The judgment was issued in response to objections raised against the Reserve Bank of India’s (RBI) (Frauds Classification and Reporting by Commercial Banks and Select FIs) Directions 2016, which were disputed in several high courts on the grounds that borrowers were not given a chance to be heard before their accounts were declared fraudulent.
The Supreme Court elaborated that classifying an account as fraudulent results in a credit freeze for the borrower, hindering them from obtaining funding from capital and financial markets. In addition to violating Article 19(1)(g) of the Constitution, the court stated that the restriction on raising funds could be fatal for the borrower, leading to “civil death”.
“As debarring prevents a person or entity from exercising their rights and/or privileges, it is vital that the principles of natural justice are applied and that the person against whom an action of debarment is sought is given the opportunity to be heard.

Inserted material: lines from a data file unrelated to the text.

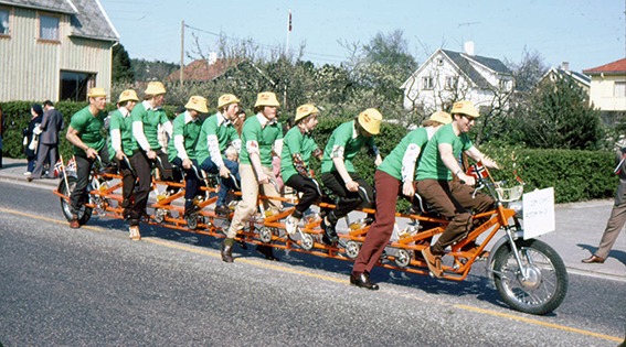 HINNA: I begynnelsen av 1975 ble det kjent at sykkelfabrikken på Sandnes, Jonas Øglænd hadde laget en sykkel der 7 personer kunne sykle sammen. På den tiden jobbet jeg i Sandnes. På vei hjem en dag hjem kjørte jeg forbi Øglænd og da sto sykkelen ute. Tanken min blei straks: Denne skulle vi hatt i 17.mai-toget på Hinna.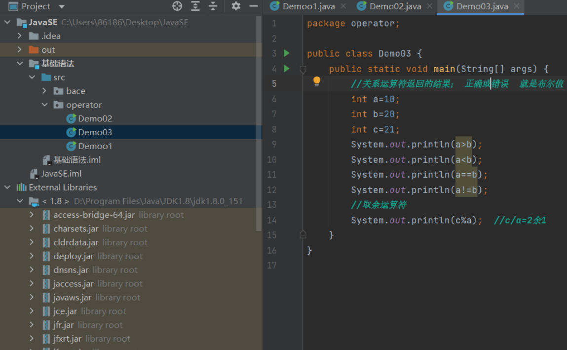 “%”是余数,Java叫模。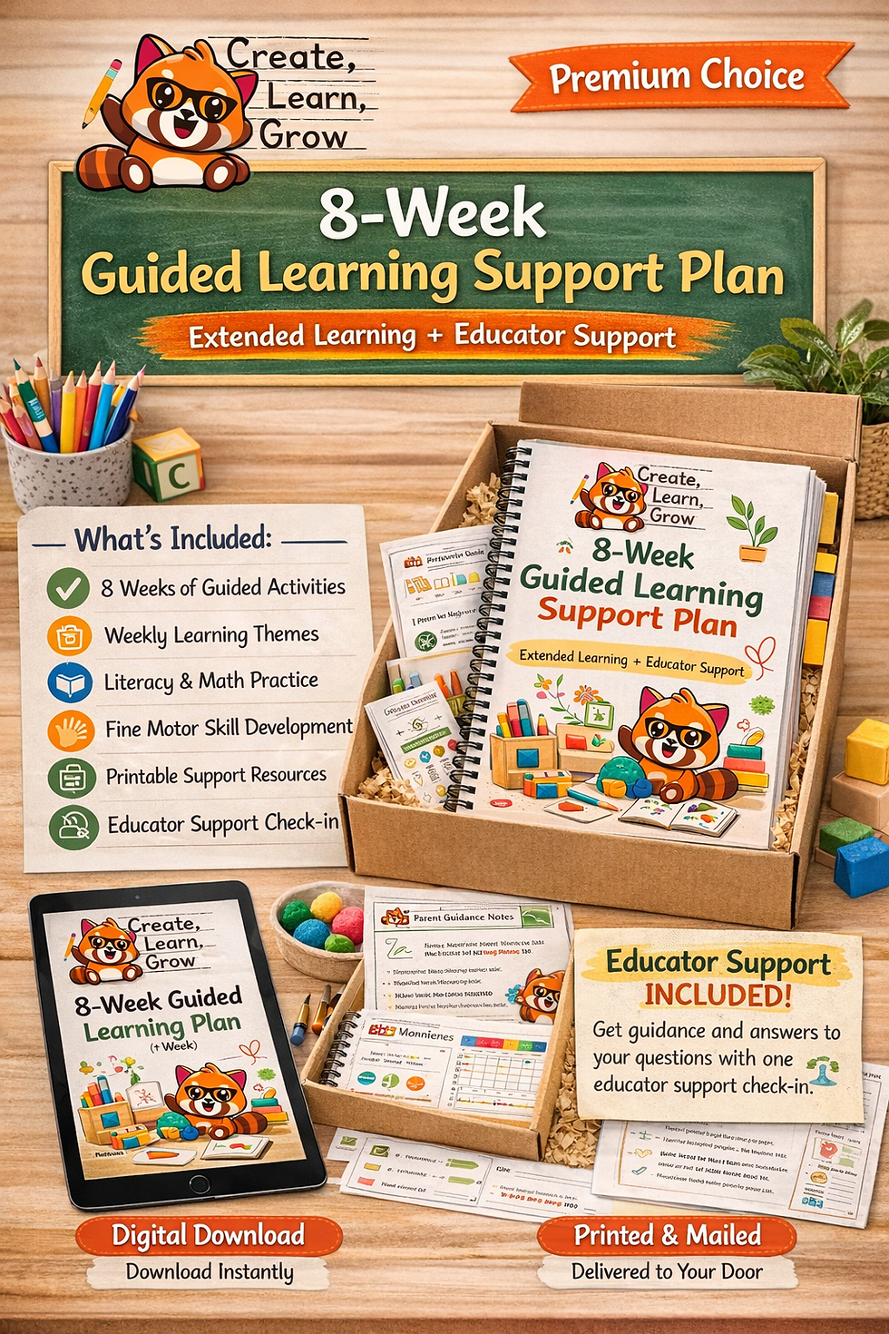 Early learning should feel joyful, intentional, and manageable, not overwhelming. Create Learn Grow offers play-based early learning plans designed by a certified early childhood educator to help parents confidently support their child’s development at home.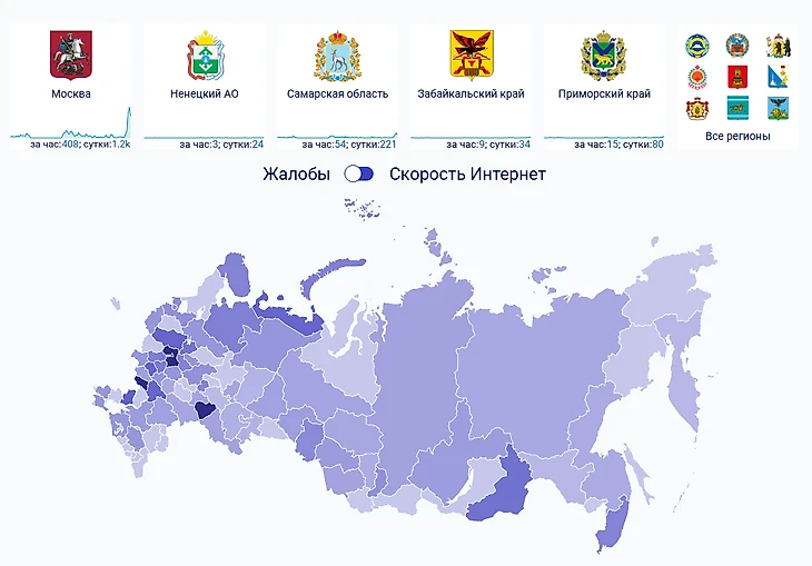 По областям на проблемы в основном жалуются жители Москвы, Самарской области и Санкт-Петербурга. Данные взяты с сайта «Сбой.рф». Downdetector.su также подтверждает увеличившееся количество жалоб на сбои и проблемы в Приморском крае.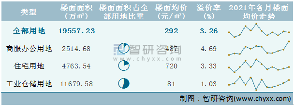 根據(jù)國(guó)信房地產(chǎn)信息網(wǎng)數(shù)據(jù)統(tǒng)計(jì)可知:2021年12月新疆維吾爾自治區(qū)全部用地出讓地面均價(jià)為358元/㎡,其中住宅用地出讓地面均價(jià)最高(1091元/㎡),全部用地成交地面均價(jià)為316元/㎡,其中住宅用地成交地面均價(jià)為1106元/㎡,高于商服辦公用地成交地面均價(jià);2021年1-12月新疆維吾爾自治區(qū)工業(yè)倉(cāng)儲(chǔ)用地樓面面積占其全部用地比重最多,為59.72%,溢價(jià)率為1.03%。

Indeed, debarment is similar to removing a borrower from a credit list,” the court said.
According to the Master Directions on Frauds, debarring a borrower is similar to blacklisting the borrower as untrustworthy and unfit for banks’ credit. The Supreme Court emphasized that if a borrower’s account is deemed fraudulent, they will be unable to access institutional financing related to their business.
“The act of classifying an account as fraudulent affects not only the borrower’s reputation but also their business and goodwill,” the court stated.
In accordance with the principles of natural justice, the court stressed that borrowers should be given the opportunity to have a hearing before being denied access to institutional finance. The court stated that denying access to institutional finance could have significant civil consequences, jeopardizing the future of the borrower’s business.